Work instruction »
At the line containing "Included with the", begin an exact copy of the lines below and continue through the final one, with no pictures.

Collected material »
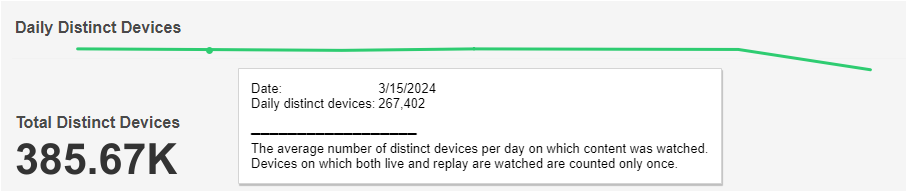 Below the top-left drop-down menus, the report shows a chart and count for Daily Distinct Devices based on the selected filters. The mouseover tooltip gives further information and definitions.
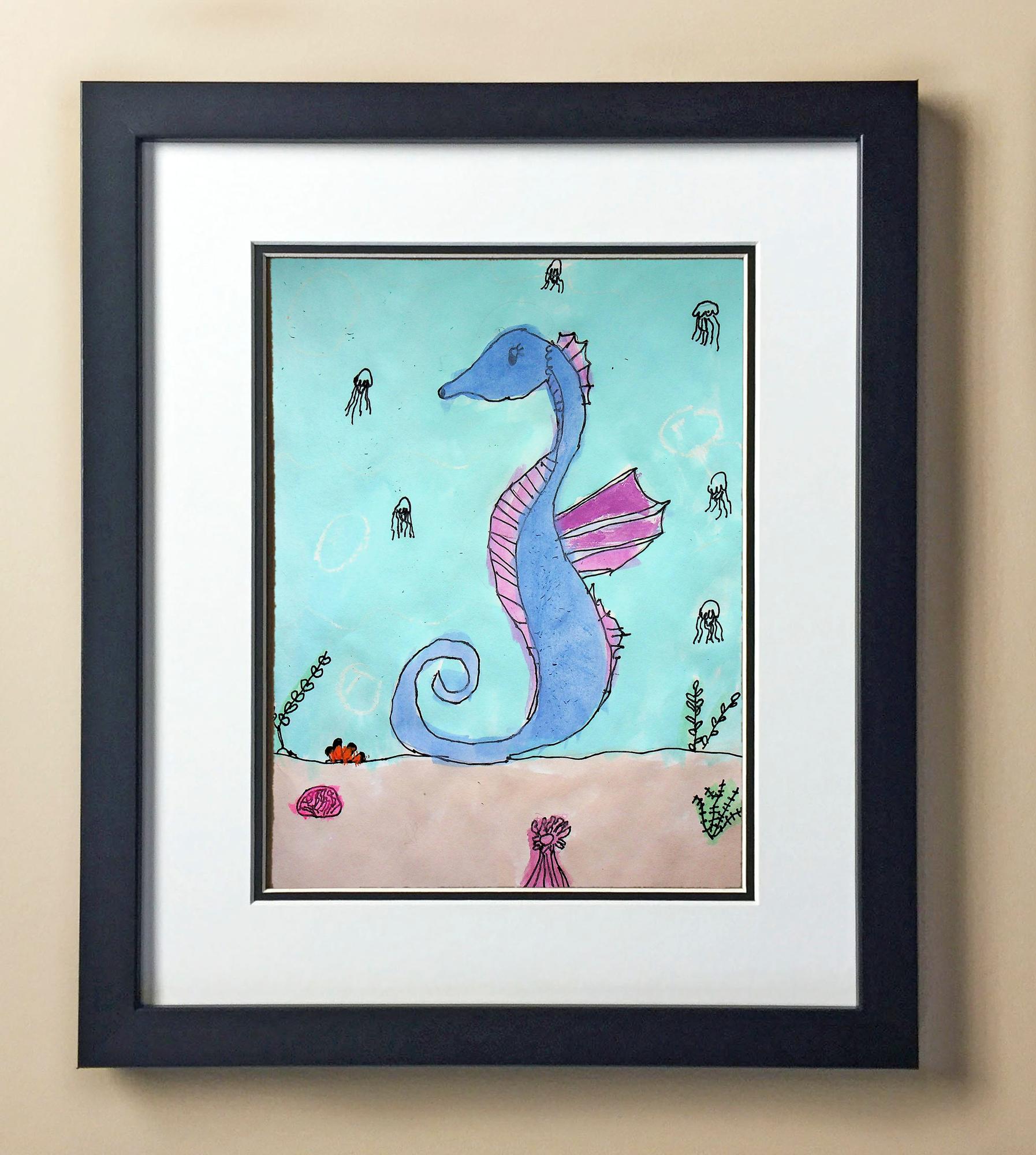 Included with the purchase is the Students Artwork, Frame, double matboard, shatter proof plexiglass, and a ready to hang backerboard with turnbuttons
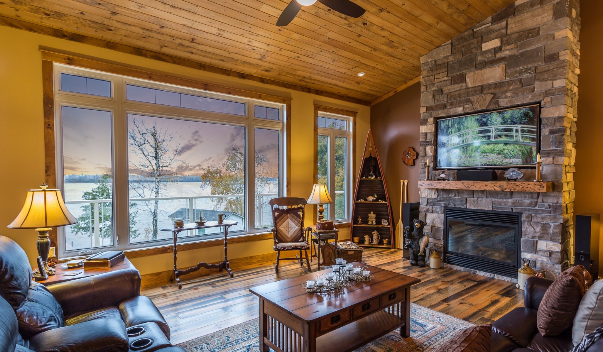 Acogedora habitación con chimenea y paisaje de montaña fuera de la ventanaAcogedora habitación con chimenea y paisaje de montaña fuera de la ventana

Reply to the task »
 Included with the purchase is the Students Artwork, Frame, double matboard, shatter proof plexiglass, and a ready to hang backerboard with turnbuttons
 Acogedora habitación con chimenea y paisaje de montaña fuera de la ventanaAcogedora habitación con chimenea y paisaje de montaña fuera de la ventana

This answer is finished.